The Jackson reforms are now a little more than a year old. The changes to the way in which litigation has to be run have caused difficulties for all parties to litigation. 

There are numerous war stories about the application of Mitchell. Many otherwise meritorious cases have been brought to a sudden end following a failure which might have been seen as innocuous in the recent past. 

Whatever your views about the Jackson reforms, it is clear that the rules are here to stay. Unlike the swift judicial distancing apparent almost immediately after the Woolf reforms came into force in the 1990s, this time the Court of Appeal is supporting the principle behind the Jackson reforms. Both from the bench, and off it, senior judges have made it clear that litigants and their lawyers have to learn how to run cases in a Jackson-compliant way. If they do not, no-one should expect any judicial sympathy. 

One impact of the reforms is that litigation procedure has now attained an importance way beyond what is justified, and that it has done so at the expense of justice. In short, the parties to the litigation are the ones to suffer, or the insurers of law firms. 

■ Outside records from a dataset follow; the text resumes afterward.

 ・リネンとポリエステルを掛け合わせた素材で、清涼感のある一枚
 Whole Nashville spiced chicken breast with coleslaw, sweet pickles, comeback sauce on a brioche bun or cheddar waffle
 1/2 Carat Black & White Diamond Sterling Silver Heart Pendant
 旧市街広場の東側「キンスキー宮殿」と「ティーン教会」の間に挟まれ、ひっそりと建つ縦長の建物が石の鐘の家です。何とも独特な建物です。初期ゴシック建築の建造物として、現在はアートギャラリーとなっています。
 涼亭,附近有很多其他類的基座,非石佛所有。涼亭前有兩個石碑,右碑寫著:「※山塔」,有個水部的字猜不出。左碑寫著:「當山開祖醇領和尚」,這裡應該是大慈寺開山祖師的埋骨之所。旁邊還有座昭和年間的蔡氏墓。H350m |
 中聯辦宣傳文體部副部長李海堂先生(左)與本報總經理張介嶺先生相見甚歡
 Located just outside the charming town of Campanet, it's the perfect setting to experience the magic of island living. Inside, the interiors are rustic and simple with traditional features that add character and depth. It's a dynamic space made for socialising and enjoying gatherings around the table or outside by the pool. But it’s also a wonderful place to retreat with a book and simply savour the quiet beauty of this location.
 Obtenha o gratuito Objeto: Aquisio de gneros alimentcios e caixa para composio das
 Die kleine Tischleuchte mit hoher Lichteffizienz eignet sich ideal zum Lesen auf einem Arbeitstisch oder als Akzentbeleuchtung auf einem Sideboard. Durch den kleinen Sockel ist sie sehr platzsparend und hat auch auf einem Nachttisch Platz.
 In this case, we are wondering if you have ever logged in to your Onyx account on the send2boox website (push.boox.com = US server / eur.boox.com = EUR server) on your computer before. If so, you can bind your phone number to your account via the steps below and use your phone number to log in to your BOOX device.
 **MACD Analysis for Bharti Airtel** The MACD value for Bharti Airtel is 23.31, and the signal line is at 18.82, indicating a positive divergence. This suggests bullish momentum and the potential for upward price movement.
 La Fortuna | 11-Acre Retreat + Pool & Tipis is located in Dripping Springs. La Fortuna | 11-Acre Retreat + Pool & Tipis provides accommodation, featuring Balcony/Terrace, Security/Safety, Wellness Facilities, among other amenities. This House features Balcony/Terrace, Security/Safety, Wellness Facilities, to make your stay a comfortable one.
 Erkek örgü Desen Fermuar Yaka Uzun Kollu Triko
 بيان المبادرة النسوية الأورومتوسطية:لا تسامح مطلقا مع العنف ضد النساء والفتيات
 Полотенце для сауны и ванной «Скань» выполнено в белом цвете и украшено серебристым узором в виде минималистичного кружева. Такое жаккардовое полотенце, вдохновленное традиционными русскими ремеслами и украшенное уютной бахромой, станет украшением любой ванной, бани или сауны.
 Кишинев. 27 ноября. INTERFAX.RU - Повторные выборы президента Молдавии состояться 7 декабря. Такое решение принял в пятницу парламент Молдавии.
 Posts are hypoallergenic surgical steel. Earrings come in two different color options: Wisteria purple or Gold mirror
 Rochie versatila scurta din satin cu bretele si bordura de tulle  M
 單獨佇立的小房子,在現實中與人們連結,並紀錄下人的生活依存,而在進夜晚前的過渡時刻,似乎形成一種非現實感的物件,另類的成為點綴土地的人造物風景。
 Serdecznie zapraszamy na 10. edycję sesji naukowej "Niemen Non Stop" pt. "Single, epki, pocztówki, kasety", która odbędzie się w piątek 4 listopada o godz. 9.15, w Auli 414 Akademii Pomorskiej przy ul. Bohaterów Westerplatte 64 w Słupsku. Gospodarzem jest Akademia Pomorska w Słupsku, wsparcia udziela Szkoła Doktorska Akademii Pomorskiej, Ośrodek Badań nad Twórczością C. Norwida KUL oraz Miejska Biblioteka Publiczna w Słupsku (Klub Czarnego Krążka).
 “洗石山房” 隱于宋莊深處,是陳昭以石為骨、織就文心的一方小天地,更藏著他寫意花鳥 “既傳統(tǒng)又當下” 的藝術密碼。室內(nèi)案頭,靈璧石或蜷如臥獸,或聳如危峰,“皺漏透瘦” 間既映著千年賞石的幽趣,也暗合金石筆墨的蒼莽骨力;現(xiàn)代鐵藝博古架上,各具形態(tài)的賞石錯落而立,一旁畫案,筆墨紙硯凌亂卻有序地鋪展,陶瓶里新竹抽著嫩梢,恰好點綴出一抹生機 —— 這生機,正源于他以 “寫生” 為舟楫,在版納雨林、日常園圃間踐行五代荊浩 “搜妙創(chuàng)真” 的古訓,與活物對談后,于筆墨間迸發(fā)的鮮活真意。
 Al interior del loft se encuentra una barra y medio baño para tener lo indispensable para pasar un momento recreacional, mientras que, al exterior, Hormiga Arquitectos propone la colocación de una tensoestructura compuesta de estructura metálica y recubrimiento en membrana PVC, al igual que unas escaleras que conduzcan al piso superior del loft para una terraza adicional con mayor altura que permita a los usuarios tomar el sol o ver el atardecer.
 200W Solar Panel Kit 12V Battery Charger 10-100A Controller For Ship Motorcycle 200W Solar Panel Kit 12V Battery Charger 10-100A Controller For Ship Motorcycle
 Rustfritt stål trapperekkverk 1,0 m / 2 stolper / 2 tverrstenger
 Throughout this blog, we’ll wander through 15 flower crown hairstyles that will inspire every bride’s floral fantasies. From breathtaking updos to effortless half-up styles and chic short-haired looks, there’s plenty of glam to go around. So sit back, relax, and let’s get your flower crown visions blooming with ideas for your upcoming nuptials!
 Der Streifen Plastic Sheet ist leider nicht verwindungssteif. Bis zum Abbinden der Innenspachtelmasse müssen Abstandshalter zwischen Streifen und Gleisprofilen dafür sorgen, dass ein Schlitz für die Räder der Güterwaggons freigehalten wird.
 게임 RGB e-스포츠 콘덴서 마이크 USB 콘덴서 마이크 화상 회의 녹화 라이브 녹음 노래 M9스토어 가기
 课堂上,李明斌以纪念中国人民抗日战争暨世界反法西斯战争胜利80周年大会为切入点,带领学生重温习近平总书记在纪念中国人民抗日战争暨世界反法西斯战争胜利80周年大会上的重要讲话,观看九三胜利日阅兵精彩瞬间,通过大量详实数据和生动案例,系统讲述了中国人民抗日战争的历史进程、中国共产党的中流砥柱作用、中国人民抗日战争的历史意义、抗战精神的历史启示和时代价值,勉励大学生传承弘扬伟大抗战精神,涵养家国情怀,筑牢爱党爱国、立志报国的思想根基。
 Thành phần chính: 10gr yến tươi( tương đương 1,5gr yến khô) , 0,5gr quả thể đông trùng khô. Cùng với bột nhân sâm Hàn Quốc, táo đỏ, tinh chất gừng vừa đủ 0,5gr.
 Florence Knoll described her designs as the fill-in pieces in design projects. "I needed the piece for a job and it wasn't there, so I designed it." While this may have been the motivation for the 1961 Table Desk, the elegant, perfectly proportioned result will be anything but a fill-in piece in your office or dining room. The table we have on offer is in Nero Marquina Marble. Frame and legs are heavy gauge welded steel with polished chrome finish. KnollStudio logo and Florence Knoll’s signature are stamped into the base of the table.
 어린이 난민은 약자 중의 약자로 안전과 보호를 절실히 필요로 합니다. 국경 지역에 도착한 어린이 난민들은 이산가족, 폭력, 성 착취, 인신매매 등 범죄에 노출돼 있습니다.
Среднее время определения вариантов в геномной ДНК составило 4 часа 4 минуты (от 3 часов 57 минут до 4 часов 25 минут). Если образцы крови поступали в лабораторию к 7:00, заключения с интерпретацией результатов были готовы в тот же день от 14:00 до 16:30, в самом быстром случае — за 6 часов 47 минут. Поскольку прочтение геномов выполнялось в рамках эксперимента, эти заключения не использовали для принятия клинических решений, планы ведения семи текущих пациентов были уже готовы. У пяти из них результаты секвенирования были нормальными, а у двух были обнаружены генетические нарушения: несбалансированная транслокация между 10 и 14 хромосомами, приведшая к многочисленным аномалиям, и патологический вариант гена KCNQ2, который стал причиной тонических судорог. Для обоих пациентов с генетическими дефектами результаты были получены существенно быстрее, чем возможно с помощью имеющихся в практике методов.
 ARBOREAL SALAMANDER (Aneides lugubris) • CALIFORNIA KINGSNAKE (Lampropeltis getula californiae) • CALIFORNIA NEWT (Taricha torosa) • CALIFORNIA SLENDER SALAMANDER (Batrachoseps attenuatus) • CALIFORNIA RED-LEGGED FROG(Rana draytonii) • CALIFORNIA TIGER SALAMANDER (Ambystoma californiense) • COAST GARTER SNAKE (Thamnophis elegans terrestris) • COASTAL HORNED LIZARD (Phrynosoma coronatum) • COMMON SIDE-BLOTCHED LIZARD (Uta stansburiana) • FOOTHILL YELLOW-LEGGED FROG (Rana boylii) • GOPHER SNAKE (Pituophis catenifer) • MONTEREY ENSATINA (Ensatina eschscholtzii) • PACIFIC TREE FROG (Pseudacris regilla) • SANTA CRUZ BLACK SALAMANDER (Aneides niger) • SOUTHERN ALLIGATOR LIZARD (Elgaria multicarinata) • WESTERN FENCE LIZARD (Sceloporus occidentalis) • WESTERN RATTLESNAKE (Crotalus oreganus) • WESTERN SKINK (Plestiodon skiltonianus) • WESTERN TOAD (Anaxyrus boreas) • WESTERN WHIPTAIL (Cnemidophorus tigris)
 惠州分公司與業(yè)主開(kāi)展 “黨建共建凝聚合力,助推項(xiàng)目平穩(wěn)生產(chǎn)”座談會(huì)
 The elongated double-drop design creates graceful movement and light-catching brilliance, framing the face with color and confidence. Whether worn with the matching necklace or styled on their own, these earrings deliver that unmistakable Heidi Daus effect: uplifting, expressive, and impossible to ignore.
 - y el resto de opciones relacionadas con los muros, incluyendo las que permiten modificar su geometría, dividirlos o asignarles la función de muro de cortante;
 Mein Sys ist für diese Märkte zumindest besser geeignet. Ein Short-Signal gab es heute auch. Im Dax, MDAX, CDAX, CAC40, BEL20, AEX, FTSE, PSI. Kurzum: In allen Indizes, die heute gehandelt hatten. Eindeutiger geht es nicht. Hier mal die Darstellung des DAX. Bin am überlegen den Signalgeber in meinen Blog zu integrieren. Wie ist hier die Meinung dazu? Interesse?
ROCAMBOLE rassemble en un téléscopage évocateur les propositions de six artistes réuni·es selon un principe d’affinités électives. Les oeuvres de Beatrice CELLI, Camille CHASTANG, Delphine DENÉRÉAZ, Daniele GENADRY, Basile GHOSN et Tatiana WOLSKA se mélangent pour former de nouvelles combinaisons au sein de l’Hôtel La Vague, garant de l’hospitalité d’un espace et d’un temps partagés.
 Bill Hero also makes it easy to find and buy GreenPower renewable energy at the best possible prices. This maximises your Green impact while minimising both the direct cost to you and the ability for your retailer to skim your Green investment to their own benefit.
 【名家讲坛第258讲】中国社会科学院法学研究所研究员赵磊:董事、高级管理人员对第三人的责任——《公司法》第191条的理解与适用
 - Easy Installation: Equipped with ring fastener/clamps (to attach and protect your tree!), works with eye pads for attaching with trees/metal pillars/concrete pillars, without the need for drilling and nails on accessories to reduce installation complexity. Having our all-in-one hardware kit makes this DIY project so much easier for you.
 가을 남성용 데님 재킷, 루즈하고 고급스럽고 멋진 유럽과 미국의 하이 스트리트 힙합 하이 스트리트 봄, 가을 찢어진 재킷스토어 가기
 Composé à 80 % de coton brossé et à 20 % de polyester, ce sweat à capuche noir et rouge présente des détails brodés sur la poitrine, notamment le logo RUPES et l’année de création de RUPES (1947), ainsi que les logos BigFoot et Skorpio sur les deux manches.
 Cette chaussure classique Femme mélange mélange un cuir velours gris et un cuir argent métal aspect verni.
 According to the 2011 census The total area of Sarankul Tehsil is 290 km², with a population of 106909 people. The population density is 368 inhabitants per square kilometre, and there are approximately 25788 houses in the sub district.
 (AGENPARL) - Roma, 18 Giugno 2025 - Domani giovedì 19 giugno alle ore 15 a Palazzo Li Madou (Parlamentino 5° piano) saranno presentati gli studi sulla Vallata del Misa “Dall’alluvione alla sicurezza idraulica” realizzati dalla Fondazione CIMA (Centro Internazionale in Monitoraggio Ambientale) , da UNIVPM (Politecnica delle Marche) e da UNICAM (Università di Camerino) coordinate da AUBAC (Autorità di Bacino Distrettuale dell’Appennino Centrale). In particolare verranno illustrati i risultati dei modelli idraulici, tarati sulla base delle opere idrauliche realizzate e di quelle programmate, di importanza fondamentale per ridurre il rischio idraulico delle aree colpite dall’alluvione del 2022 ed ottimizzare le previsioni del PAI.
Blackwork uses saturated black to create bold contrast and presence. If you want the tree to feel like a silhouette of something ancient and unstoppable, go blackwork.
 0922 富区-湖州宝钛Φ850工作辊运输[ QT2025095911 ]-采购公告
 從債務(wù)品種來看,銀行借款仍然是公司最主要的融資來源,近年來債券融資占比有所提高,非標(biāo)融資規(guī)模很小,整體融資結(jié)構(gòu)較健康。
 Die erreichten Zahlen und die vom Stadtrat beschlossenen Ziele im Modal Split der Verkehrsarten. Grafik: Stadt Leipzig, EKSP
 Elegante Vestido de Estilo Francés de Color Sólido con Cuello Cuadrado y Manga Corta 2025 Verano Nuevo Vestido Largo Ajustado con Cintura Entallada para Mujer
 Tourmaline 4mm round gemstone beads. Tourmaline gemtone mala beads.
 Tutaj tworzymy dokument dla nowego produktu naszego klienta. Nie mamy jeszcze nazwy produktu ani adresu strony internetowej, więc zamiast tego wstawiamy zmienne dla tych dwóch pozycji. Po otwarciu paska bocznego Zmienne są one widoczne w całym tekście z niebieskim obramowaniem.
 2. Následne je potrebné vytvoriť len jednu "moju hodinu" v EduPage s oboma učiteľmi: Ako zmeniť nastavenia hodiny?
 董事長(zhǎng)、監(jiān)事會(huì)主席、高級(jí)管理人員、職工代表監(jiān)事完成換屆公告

However, the brave new world is here to stay, but is it working in a practical way? Our experience suggests not, and it is unfortunate that the predictable increase in satellite litigation was not foreseen by the Jackson reforms, so as to ensure that courts were properly equipped to deal with it. Put another way, implementation has been a weakness, in terms of training of the judiciary as well as resourcing. 

For law firms, it is important that the court is able to deal with things promptly. There is an irony however that while the parties are being sanctioned for marginal delays (sometimes a matter of minutes), the proverbial black hole of the court postal system seems to have grown since April 2013, not reduced. As such, the practical hurdles for law firms dealing with litigation have grown significantly. 

We have seen several notable examples:

  • The limitations on the ability to file papers electronically or by fax. There is no single practice, and variations between courts are common . We have seen rules which limit electronic filing to a modest number of pages, to single attachments, or to small file sizes. All this makes sense but sometimes documents are lengthy simply because they need to be. Nor do the courts have the resource to respond to e-mails. Since papers now have to be filed by a particular date, with draconian sanctions if they are not, it is nerve-wracking to e-mail a defence and to have an automatic response (if you get a response at all) saying that it will be looked at within 5 days but if the attachments break that court’s local directions it will not be accepted. How do you know if you are in breach or not?
  • The increased use of the online money-only claims system for issuing proceedings compounds the problem. If the parties need to agree an extension of time or another application is needed, it can only be sent by post since it needs a cheque with it. If the document exceeds their size limits you cannot fax or e-mail it, even if the payment follows by post. Nor can you deliver it by hand. Post is sent to a building in Salford without a public reception and where the PO Box is locked inside the building so you cannot even deliver it and prepare an affidavit of service. Therefore, law firms need to be ready days before a deadline simply to guarantee that procedural steps are complied with. If you are instructed a week after service that gives virtually no time to respond.
  • Courts have also been swamped with applications and the impression from the outside is that they are sinking. For instance, we have a matter in which the parties were waiting to hear if a trial would take place in 21 days time. All parties wrote to the court about it but were told that there was a 15 day turnaround to read any letters so none of the parties knew whether to prepare for trial or brief counsel. The only way to expedite the process, we were told, was to ask a judge. The same turnaround time exists to get an urgent request to the judge. This is frustrating for all stakeholders in the litigation.
  • Even where the parties agree a particular approach, their inability to get a timely response from the court is leading to technical points being taken, or uncertainty which prevents the merits of a claim being considered properly. A law firm’s ability to engage with their opponent, and to agree sensible steps, has taken a dent.

The concern most law firms are likely to have is that, when faced with litigation, energy (and cost) has to be focussed more than ever before on the litigation itself, and procedural aspects, rather than what is most important to the clients – dealing with the issues and resolution. The pendulum has swung too far, and it is not easy to see how these changes have made litigation more cost effective. Perhaps the aim was simply to stop litigation occurring at all, which in itself is no bad thing and will encourage greater pragmatism via the use of Pre-Action Protocols.